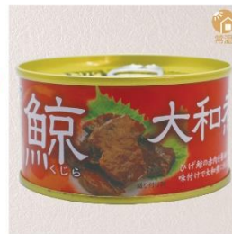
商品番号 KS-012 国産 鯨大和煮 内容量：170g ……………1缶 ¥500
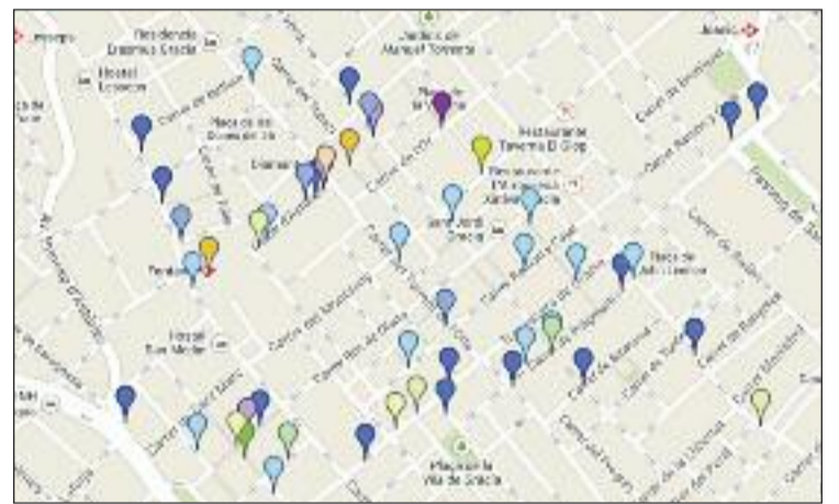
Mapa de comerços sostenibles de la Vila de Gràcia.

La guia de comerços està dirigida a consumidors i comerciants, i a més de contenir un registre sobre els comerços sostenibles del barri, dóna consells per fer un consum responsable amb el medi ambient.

====

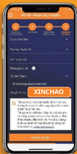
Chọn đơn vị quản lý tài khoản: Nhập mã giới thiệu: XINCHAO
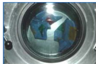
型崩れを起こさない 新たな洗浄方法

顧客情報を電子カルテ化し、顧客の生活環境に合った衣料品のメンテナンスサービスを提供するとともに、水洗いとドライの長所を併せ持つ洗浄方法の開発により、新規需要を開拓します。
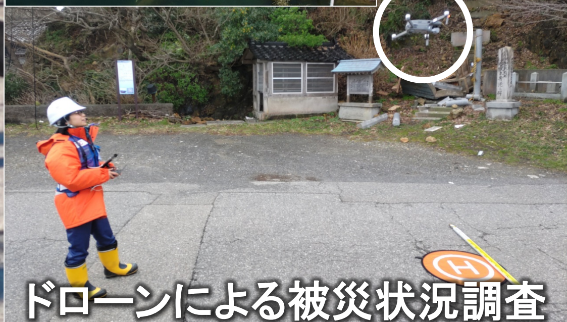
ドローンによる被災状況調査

====

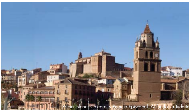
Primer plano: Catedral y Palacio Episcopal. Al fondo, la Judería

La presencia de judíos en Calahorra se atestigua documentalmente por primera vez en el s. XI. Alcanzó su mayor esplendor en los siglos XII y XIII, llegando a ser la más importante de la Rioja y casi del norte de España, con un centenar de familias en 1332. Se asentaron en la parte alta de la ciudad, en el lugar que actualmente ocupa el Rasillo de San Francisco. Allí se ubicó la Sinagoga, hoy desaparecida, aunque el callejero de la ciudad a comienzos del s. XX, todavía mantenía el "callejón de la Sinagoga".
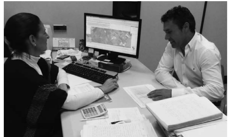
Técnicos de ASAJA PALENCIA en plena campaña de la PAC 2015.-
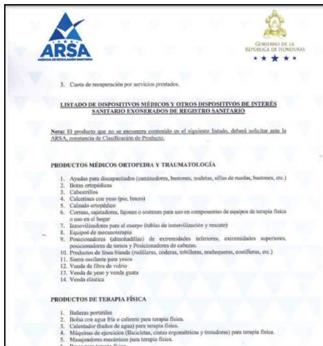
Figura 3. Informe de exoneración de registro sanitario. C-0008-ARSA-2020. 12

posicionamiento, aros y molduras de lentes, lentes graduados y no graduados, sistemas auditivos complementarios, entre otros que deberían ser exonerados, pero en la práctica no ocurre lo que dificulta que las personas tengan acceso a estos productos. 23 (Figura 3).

====

_Problem_
Leaving out all pictures, set down exactly the lines of the material above, from the line with "顧客情報を電子カルテ化し、顧" to the line with "ドローンによる被災状況調査" inclusive, and no others.

_Response to the exercise_
顧客情報を電子カルテ化し、顧客の生活環境に合った衣料品のメンテナンスサービスを提供するとともに、水洗いとドライの長所を併せ持つ洗浄方法の開発により、新規需要を開拓します。
ドローンによる被災状況調査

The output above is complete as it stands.